In the last section, we noted that the storage-retrieval model has dominated our understanding of cognition. We now turn to the alternative. The most powerful AI systems today—particularly large language models like GPT-4, Claude, and LLaMA—do not work by storing and retrieving information. Instead, they operate through a process called autoregression. This process, which has revolutionized AI capabilities, may offer a more accurate model of how human cognition works as well.
At its most fundamental level, an autoregressive process is built on two key elements: a core function that generates outputs from inputs, and an iterative mechanism that feeds those outputs back as inputs. This pattern appears across many domains—from statistics and economics to signal processing and, as we'll see, cognition itself.
The essence of autoregression is that each new value in a sequence depends on previous values in that same sequence. Think of it as a recursive loop: the system makes a generation, uses that generation as part of its next input, makes another generation, and so on. The power of this approach is that complex, extended patterns can emerge from a relatively simple underlying function that only looks at one step at a time.

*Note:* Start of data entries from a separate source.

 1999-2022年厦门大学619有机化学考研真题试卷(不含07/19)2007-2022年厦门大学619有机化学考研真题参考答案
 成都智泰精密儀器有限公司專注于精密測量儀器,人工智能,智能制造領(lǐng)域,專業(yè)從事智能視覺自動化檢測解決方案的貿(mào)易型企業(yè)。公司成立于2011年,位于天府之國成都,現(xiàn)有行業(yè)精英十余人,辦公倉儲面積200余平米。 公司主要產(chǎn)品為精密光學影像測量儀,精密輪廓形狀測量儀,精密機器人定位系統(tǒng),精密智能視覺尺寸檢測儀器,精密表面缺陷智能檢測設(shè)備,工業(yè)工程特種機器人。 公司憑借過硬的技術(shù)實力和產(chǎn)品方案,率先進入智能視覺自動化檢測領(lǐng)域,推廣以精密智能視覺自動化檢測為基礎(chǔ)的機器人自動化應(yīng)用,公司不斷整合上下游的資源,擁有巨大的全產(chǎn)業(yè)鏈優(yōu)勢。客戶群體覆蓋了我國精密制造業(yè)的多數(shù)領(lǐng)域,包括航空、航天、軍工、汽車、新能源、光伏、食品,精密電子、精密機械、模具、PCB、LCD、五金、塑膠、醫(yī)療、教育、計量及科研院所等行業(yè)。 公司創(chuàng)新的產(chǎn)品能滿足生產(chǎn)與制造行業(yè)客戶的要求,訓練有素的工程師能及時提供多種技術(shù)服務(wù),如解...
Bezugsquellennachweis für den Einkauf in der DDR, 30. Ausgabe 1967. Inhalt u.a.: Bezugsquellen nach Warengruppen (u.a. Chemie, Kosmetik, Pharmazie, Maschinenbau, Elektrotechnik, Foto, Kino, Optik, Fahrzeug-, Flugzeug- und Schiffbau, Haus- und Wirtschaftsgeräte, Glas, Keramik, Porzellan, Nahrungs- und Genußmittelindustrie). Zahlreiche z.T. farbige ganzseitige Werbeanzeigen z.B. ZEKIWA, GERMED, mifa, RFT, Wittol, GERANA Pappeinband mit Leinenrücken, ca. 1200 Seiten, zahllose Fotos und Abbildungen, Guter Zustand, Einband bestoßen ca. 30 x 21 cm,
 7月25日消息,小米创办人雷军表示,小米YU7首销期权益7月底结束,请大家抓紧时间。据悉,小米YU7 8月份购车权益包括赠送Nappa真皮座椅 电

A Simple Example: The Fibonacci Sequence
To understand autoregression, consider one of the simplest examples: the Fibonacci sequence. This famous sequence (0, 1, 1, 2, 3, 5, 8, 13, 21...) follows a straightforward rule: each number is the sum of the two preceding numbers. In autoregressive terms, we can break this down into two steps:
A function that takes the two most recent numbers as input and outputs their sum
A mechanism that incorporates this output into the next input state
Let's see how this works:
Current input: [0, 1]
Function: Add the two most recent numbers
Output: 1
This output now becomes part of the input:
Current input: [1, 1]
Function: Add the two most recent numbers
Output: 2
And the process continues:
Current input: [1, 2]
Function: Add the two most recent numbers
Output: 3
This simple function, applied iteratively, generates an endless sequence with fascinating mathematical properties. The key insight is that nowhere in this system is the "entire Fibonacci sequence" stored. It doesn't need to be. The sequence exists only as it's generated, one step at a time, through the application of a simple function to its own previous outputs.

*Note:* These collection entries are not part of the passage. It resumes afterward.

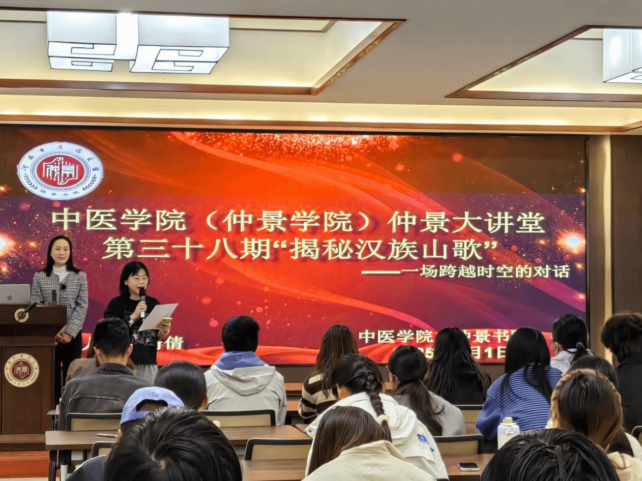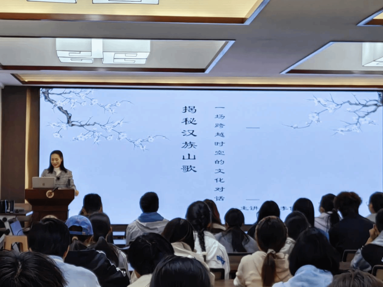 讲座伊始,李老师介绍了山歌的定义和分类,并简要分析了地理环境对山歌形成的影响。随后,李老师用生动语言,结合音画展示,让同学们感受到了各地山歌的魅力。在互动环节中,李老师以滇西经典《弥渡山歌》为例,现场教同学们演唱。同学们在学唱过程中,不仅感受到了方言韵律的独特之美,也对中华文化“和而不同”的内涵有了更深刻的体会。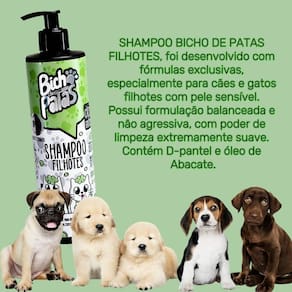 Shampoo para filhotes bicho patas - com dpantenol e abacate Shampoo bicho de patas filhotes, foi desenvolvido com fórmulas exclusivas, especialmente para cães e gatos filhotes com pele sensível. Possui formulação balanceada e não agressiva, com poder de limpeza extremamente suave. Contém d-pantel e óleo de abacate. Modo de usar: aplique o shampoo por toda a pelagem molhada do pet e massageie-a. Em seguida enxágue bem. Repita a operação se necessário, para melhores resultados finalize com o condicionador bicho de patas. Marca: Não Informado Ean: 7897163318225
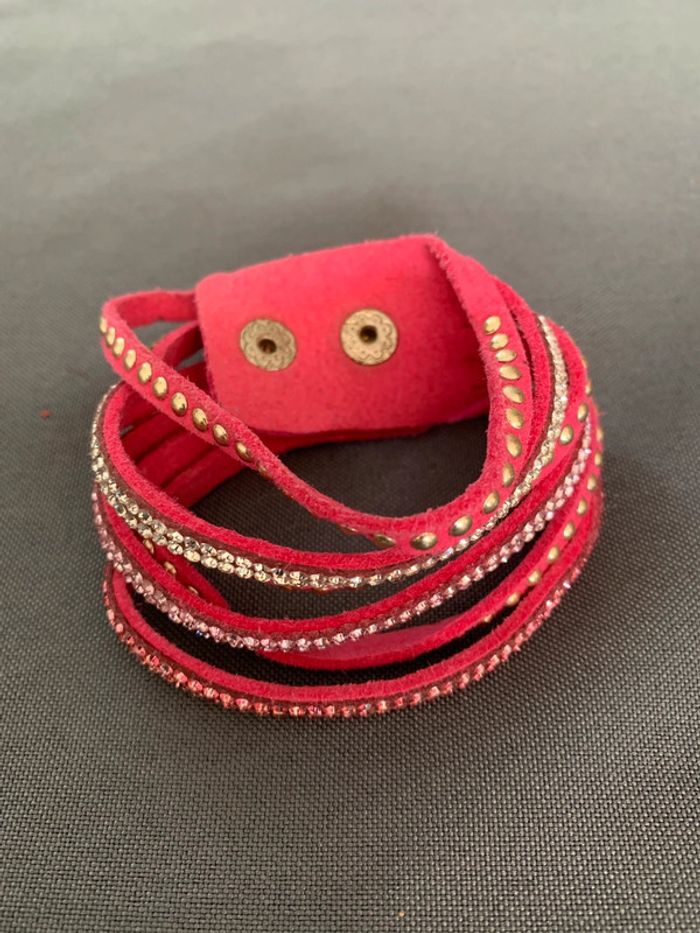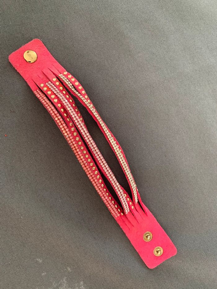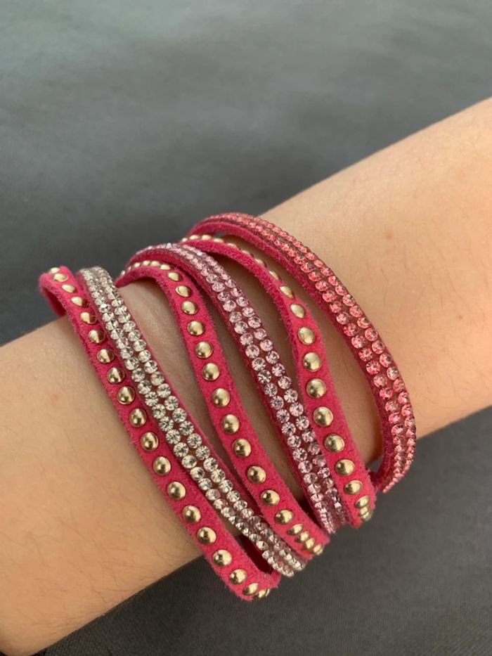 Bracelet rose strass fermeture à pression ~20cm - photo numéro 1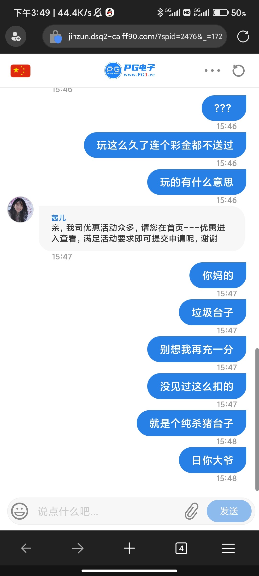 傻逼台 之前一直玩 都马上到v8了 结果把我所有优惠 都停了 还叫我继续充值 傻子才继续玩

Let's represent this process more clearly with a table:
Each row represents a single application of our addition function. The key insight is that each output becomes part of the next input. After generating "1," the system tacks this on to the last digit of the previous output, forming the next two-digit input, and runs the function again. Rinse and repeat.

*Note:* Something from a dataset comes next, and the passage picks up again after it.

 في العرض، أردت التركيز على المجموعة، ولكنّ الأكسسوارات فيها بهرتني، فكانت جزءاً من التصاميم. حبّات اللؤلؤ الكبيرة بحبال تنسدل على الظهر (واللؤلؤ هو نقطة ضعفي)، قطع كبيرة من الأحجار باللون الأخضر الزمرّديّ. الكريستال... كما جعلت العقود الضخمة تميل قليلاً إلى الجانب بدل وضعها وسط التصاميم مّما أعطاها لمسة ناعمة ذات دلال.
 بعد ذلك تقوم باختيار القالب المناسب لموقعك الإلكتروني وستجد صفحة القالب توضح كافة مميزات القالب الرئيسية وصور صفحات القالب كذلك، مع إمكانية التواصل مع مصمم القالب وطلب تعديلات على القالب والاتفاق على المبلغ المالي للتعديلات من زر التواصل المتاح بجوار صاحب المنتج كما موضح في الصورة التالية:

From Simple Function to Neural Network
The Fibonacci example uses an extremely simple function (addition), but the same autoregressive principle works with more sophisticated functions. This is where neural networks enter the picture.
A neural network is fundamentally just another function that maps inputs to outputs. While we'll explore the technical details in later sections, for now, all you need to know is that these networks consist of a series of simple mathematical operations—primarily multiplications, additions, and some basic non-linear transformations. Despite this relative simplicity, they can reliably take a given input and produce an appropriate output.
Importantly, neural networks are trainable, meaning there's a systematic way to adjust exactly which multiplications and additions are performed on the inputs. This training process allows the network to learn from examples, but we'll save those details for later discussions.
It's important to understand how these neural networks learn to perform their input/output functions in the first place. The training process involves exposing the network to many examples of inputs paired with their desired outputs. For a handwriting recognition system, this means showing it thousands of images of handwritten digits along with their correct labels—a process pioneered with the famous MNIST dataset that contained 70,000 small images of handwritten digits from 0-9.
The training follows a simple conceptual pattern: the network is given an input (like an image of a handwritten "7"), it produces an output based on its current parameters, and then these parameters are algorithmically adjusted to make the actual output closer to the desired output (the label "7"). This process repeats thousands or millions of times across many examples, gradually refining the network's ability to map inputs to appropriate outputs.
Next-token prediction in language models works on exactly the same principle. The network is given a sequence of text as input (like "The capital of France") and trained to output the token that actually follows in the training data (like "is"). By exposing the model to vast amounts of text—billions of words from books, articles, websites, and other sources—it learns the statistical patterns of language: which words typically follow which other words in which contexts.
The remarkable thing is that this conceptually straightforward training process—"here's some text, now predict the next token"—ends up capturing not just simple word associations but complex grammatical structures, factual knowledge, and even reasoning patterns that are embedded in the statistical regularities of language. The network doesn't explicitly learn grammar rules or store facts in a database; it simply adjusts its parameters to get better at predicting what comes next. Yet from this singular focus emerges a system that appears to "know" an astonishing amount about language and the world it describes.
Consider a straightforward neural network application: handwriting recognition. The input might be a digital image of a handwritten digit, and the output is a determination: "This is the number 7." The network doesn't store a catalog of all possible 7s; instead, it has learned parameters that allow it to recognize patterns associated with 7s. This single input/output function takes an image and produces an identification in one forward pass.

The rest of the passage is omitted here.